In your copy of the data, omit the pictures and keep all else exactly as given.

#### Supplied data ####

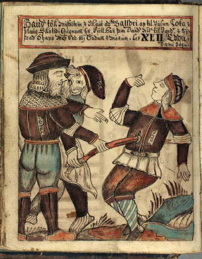 Высокий говорит: «Второй сын Одина — это Бальдр. О нем можно сказать только доброе. Он лучше всех, и его все прославляют. Так он прекрасен лицом и так светел, что исходит от него сияние. Есть растение, столь белоснежное, что равняют его с ресницами Бальдра, из всех растений оно самое белое. Теперь ты можешь вообразить, насколько светлы и прекрасны волосы его и тело. Он самый мудрый из асов, самый сладкоречивый и благостный. Но написано ему на роду, что не исполнится ни один из его приговоров. Он живет в месте, что зовется Брейдаблик, на небесах. В этом месте не может быть никакого порока, как здесь об этом сказано:
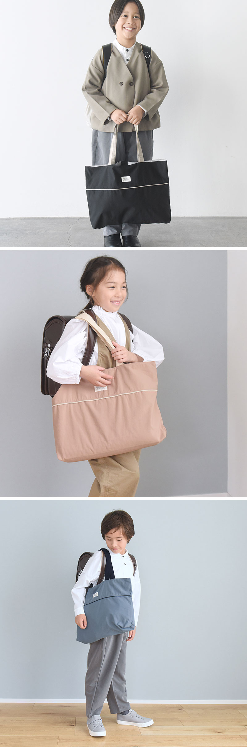 一年生だとたっぷり入れたバッグをランドセルを背負って肩にかけるのは難しいようで腕にかけて歩いてますが、少し持ちにくそうな時もあります。
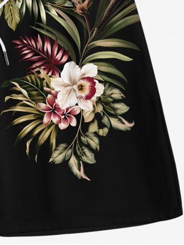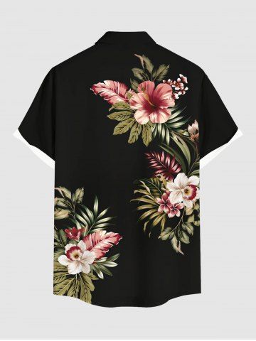 Matching Hawaii Shirt and Romper Plus Size Beach Outfit Tropical Leaf Hibiscus Printed for Couples - Black
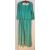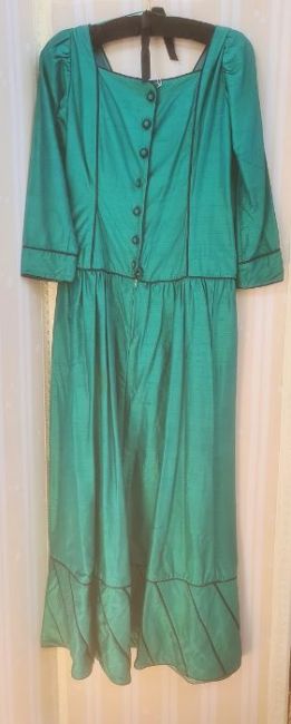 Richards Shop cotton dress with empire line waist, square neck bodice with frills, a tiered and frilled skirt, tie belt, a navy blue cotton button front dress with drop waist, white collar, three-quarter length sleeves, a blue and white striped maxi dress with white lace trimmed yoke, cuffs and hem labelled Shelana, size 12, a short cotton sundress, a blue spotted sundress labelled A Bien Coupe, a blue chiffon evening dress, a green polyester maxi dress, a Valerie Goad pink maxi dress, sleeveless, full skirt, labelled, size 3, a Margaret Thursby turquoise skirt and an Irene Isaac raw silk ball dress with dropped waist, dark blue detailed, button front, bow at the back and tiered at the hem (10)

####

Answer:
 Высокий говорит: «Второй сын Одина — это Бальдр. О нем можно сказать только доброе. Он лучше всех, и его все прославляют. Так он прекрасен лицом и так светел, что исходит от него сияние. Есть растение, столь белоснежное, что равняют его с ресницами Бальдра, из всех растений оно самое белое. Теперь ты можешь вообразить, насколько светлы и прекрасны волосы его и тело. Он самый мудрый из асов, самый сладкоречивый и благостный. Но написано ему на роду, что не исполнится ни один из его приговоров. Он живет в месте, что зовется Брейдаблик, на небесах. В этом месте не может быть никакого порока, как здесь об этом сказано:
 一年生だとたっぷり入れたバッグをランドセルを背負って肩にかけるのは難しいようで腕にかけて歩いてますが、少し持ちにくそうな時もあります。
 Matching Hawaii Shirt and Romper Plus Size Beach Outfit Tropical Leaf Hibiscus Printed for Couples - Black
 Richards Shop cotton dress with empire line waist, square neck bodice with frills, a tiered and frilled skirt, tie belt, a navy blue cotton button front dress with drop waist, white collar, three-quarter length sleeves, a blue and white striped maxi dress with white lace trimmed yoke, cuffs and hem labelled Shelana, size 12, a short cotton sundress, a blue spotted sundress labelled A Bien Coupe, a blue chiffon evening dress, a green polyester maxi dress, a Valerie Goad pink maxi dress, sleeveless, full skirt, labelled, size 3, a Margaret Thursby turquoise skirt and an Irene Isaac raw silk ball dress with dropped waist, dark blue detailed, button front, bow at the back and tiered at the hem (10)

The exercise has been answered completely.